--- SUPPLIED RECORDS ---
§ §

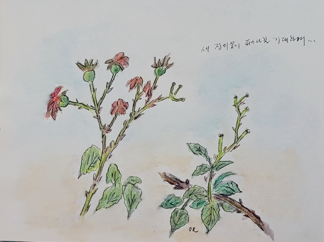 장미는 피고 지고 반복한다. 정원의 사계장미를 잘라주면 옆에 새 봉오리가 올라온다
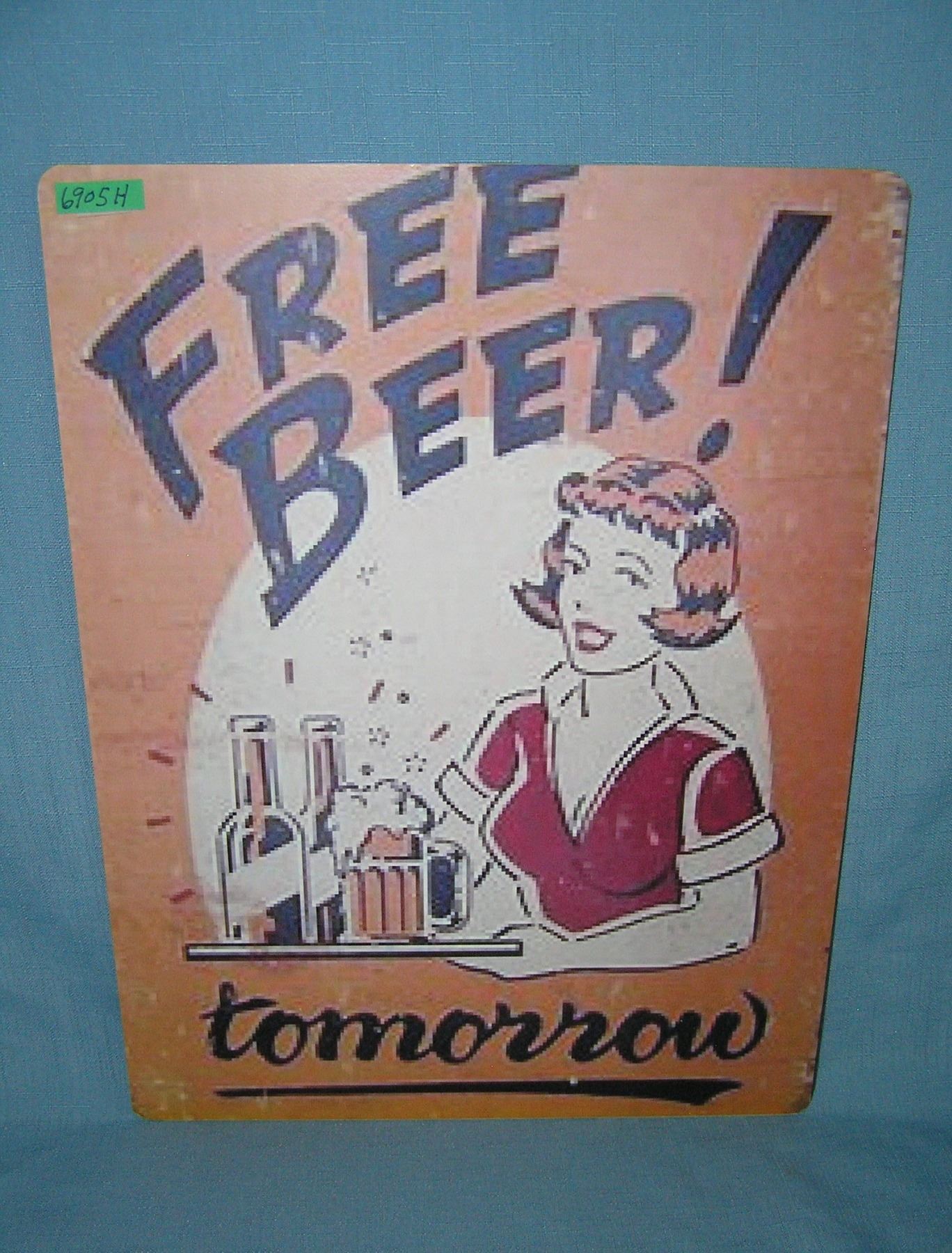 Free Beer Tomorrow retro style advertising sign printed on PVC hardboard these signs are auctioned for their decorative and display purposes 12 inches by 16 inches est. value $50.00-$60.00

§ §

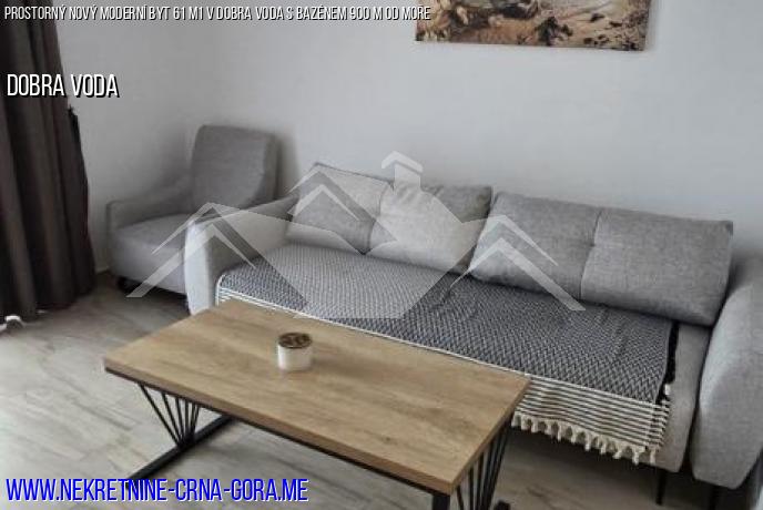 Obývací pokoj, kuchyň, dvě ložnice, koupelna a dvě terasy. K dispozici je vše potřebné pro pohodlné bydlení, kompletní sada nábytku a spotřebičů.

§ §

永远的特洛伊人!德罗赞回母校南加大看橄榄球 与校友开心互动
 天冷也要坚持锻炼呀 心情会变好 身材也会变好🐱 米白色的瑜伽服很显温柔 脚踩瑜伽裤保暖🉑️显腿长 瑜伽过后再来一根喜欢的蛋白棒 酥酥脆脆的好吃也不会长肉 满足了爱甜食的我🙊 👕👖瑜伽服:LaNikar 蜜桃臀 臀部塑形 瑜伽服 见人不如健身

§ §

--- AIM OF THE EXERCISE ---
Your reply should hold nothing but the lines above, from the one containing "장미는 피고 지고 반복한다." to the one containing "Free Beer Tomorrow", reproduced exactly minus the pictures.

--- TASK SOLUTION ---
 장미는 피고 지고 반복한다. 정원의 사계장미를 잘라주면 옆에 새 봉오리가 올라온다
 Free Beer Tomorrow retro style advertising sign printed on PVC hardboard these signs are auctioned for their decorative and display purposes 12 inches by 16 inches est. value $50.00-$60.00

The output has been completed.